Kenyan businesses using WhatsApp, Instagram and Facebook now eye a sales boost as Meta rolls out artificial intelligence-powered agents that can text customers, recommend products and close purchases on behalf of employees.
The three social media platforms’ American parent firm, Meta, is rolling out the “Business Agents” globally this week, targeting small and medium-sized businesses.
The AI agents will be able to answer customer questions, recommend products, negotiate prices, book appointments and escalate conversations to human staff when necessary.
For now, traders using Meta’s Business tools only get retail chatbots that rely on scripted responses and predefined menus to respond to customer messages.
AI agents can take actions on behalf of users, effectively providing firms with a round-the-clock digital salesperson at no cost.
“We’re expanding our Business Agent to businesses of all sizes, so you can have yours up and running within minutes, responding in your customers’ language using your tone,” Meta said in a blog post.
The tech giant is rolling out the agents for free, but it said it would, “in the coming months", put the service behind a paid subscription model under its Meta One ecosystem.
Meta One, unveiled last month, bundles advanced AI capabilities, creator tools and business services across Facebook, Instagram and WhatsApp.
It includes deeper AI reasoning for complex tasks, algorithm priority on social media feeds and advanced post analytics.
Monthly subscription prices range from $7.99 (Sh1,033) to $49.99 (Sh6,466), depending on features and usage levels.
AI agents are powered by the same large language model technology behind AI chatbots like OpenAI’s ChatGPT, Google’s Gemini and Microsoft Copilot.
The agents combine chatbots’ conversational abilities with access to third-party applications such as a business’s catalogue, allowing them to plan, reason and execute complex tasks with little human intervention.
For a Kenyan clothes retailer, for instance, a customer could send a question through WhatsApp, Facebook Messenger or Instagram direct message, on which dress sizes are available, whether a specific colour is in stock, what promotions are running and which accessories best complement a particular outfit.
For service businesses like salons, clinics or consultants, Meta’s AI agents will be able to schedule appointments and manage customer enquiries without requiring staff involvement, according to demo videos seen by the Business Daily.
Meta said businesses will be able to define when humans should step into conversations, creating a hybrid model where routine queries are automated while complex issues are handled by staff.
The update comes as Facebook, WhatsApp and Instagram increasingly become digital storefronts for businesses across Africa.
The Communications Authority of Kenya says more than 68 percent of the country’s adults use Facebook, while about 54 percent use WhatsApp.
Facebook was Kenya’s most visited social media platform in 2025, according to web traffic monitor Cloudflare.

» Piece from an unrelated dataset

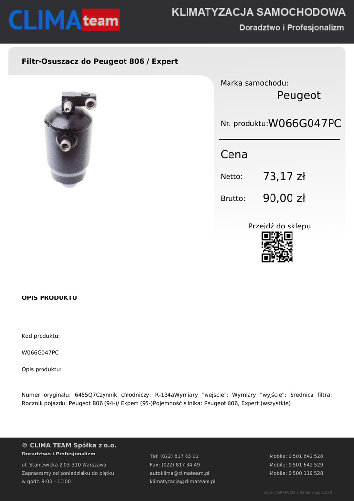 Filtr-Osuszacz do Peugeot 806 / Expert Marka samochodu: Peugeot Nr. produktu:W066G047PC Cena Netto: 73,17 zł Brutto: 90,00 zł Przejdź do sklepu OPIS PRODUKTU Kod produktu: W066G047PC Opis produktu: Numer oryginału: 6455Q7Czynnik chłodniczy: R-134aWymiary "wejscie": Wymiary "wyjście": Średnica filtra: Rocznik pojazdu: Peugeot 806 (94-)/ Expert (95-)Pojemność silnika: Peugeot 806, Expert (wszystkie) © CLIMA TEAM Spółka z o.o. Doradztwo i Profesjonalizm Tel: (022) 817 83 01 Mobile: 0 501 642 528 ul. Staniewicka 2 03-310 Warszawa Fax: (022) 817 84 49 Mobile: 0 501 642 529 Zapraszamy od poniedziałku do piątku [email protected] Mobile: 0 500 119 528 w godz. 9:00 - 17:00 [email protected] projekt GRAFCOM | Netler Shop 1.020

It was followed by the Chinese video-sharing site TikTok, and then Instagram and WhatsApp.
In Kenya, thousands of small enterprises use WhatsApp Business as their primary customer communication channel, often replacing websites and dedicated e-commerce platforms.
Many of these businesses depend on basic automated replies that can only answer simple questions, such as when a shop opens and closes, as well as external links to the business’s catalogue.
Many small businesses struggle to maintain customer support outside working hours and often lose sales opportunities when enquiries are not answered.
An AI agent capable of responding instantly, recommending products and qualifying leads around the clock could improve conversion rates while reducing staffing costs.
Meta says future versions of the AI agents will be capable of conducting market research and point out product trends for businesses.
“We will expand its capabilities to help fully run all your daily operations — like surfacing product insights, connecting with the tools to manage your calendar and providing competitive intelligence,” Meta said.
However, the advent of AI agents has raised concerns among cybersecurity experts, who say the virtual tools create new attack surfaces as they can access systems and perform actions autonomously.
An emerging threat "prompt injection attack", is when cyberattackers hide malicious instructions in seemingly harmless content to manipulate an AI system into performing unauthorised actions. Experts say the risk is heightened when AI agents are connected to customer databases, payment systems, calendars or internal business software.
Last week, Meta’s AI support chatbot was tricked into resetting account credentials for high-profile social media pages, including the dormant Obama White House account.
The chatbot was persuaded to reset account credentials without independently verifying identity, locking users out of their accounts.
Meta’s introduction of agentic AI for businesses is part of efforts to diversify revenue beyond digital advertising by turning AI into a standalone product. The firm recently introduced advertising on WhatsApp, marking a shift for the app.
It gave Kenyan businesses an avenue to run campaigns in the Status feed to promote products and services, with ads designed to initiate instant conversations.